Kind of a late reply...having been out of touch for a couple years. We have sailed Sports quite a bit over the last ten years. They are certainly stable, under sail, and we have learned to use the "sailing" as a mileage stretcher on big waters. A couple of tips, from our experience:
1. Carry some additional small bungee cords (shock cords) that do not have sharp metal hooks. When the wind gets too big, its nice to drop the rig in the water, roll the sail, tie it up, and put the sail into a paddle holder until you can get to shore or a calmer bay/inlet. You should use additional lines to keep the sail from coming loose while doing this trick, and dont let to much stick out ahead of the boat or you will stick it into waves. As soon as safe, get the sail off, folded and stowed, and the mast back into the paddle holder. When it is going to be a big, wet, and "ugly into waves" to get home, pull the mast apart, wind the shock cords on tightly, and restow on the side.
2. ALWAYS tape the two-piece mast together with black electrical tape before you head out. You do not want the mast to separate while your are busy derigging in the middle of big water. Also, pay strict attention to the batten retaining line....I use a figure eight knot on the end of the tie offs, and a piece of duct tape on really bad days.
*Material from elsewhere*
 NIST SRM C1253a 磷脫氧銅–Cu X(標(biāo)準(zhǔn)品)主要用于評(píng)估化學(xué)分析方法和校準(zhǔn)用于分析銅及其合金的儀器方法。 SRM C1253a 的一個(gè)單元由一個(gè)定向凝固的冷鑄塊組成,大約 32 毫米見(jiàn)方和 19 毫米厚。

3. We also have a 60" piece of black, Schedule 40, 2.5" ABS plastic pipe. Using flat tie down straps, over the tube, fed down through the rear drain holes, out to the sides, up over the pipe, then back under and up through the hole (repeated on both sides of the kayak with one strap, tensioned in the middle with a shock cord over the pipe)....we connect two Sports as one very stable catamaran. The flat straps are against the bottom/sides of the hull, from the holes outward and up the sides...so there is a little extra drag. We arent going all the fast, anyway. This arrangement lets one person pedal and steer, alternating, or both together, or both sails can be used, or just one. Downwind speed is pretty impressive this way. For some reason, the "catamaran" seems to surf pretty easily off of boat wakes when running under both sails.
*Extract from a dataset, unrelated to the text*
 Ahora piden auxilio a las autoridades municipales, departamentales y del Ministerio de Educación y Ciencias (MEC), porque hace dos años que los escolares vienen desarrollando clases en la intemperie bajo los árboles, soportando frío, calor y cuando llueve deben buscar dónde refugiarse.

The flat gunnels across the back of the Sports are really great for "catamaran" kayaking, and the added stability will really save your overall energy when you get a long way out in the middle of something like Flaming Gorge Reservoir (only a little over 100 miles long, after all). We've used this often, without sails, because it is so relaxing and comfortable and makes for great picnicing on the water!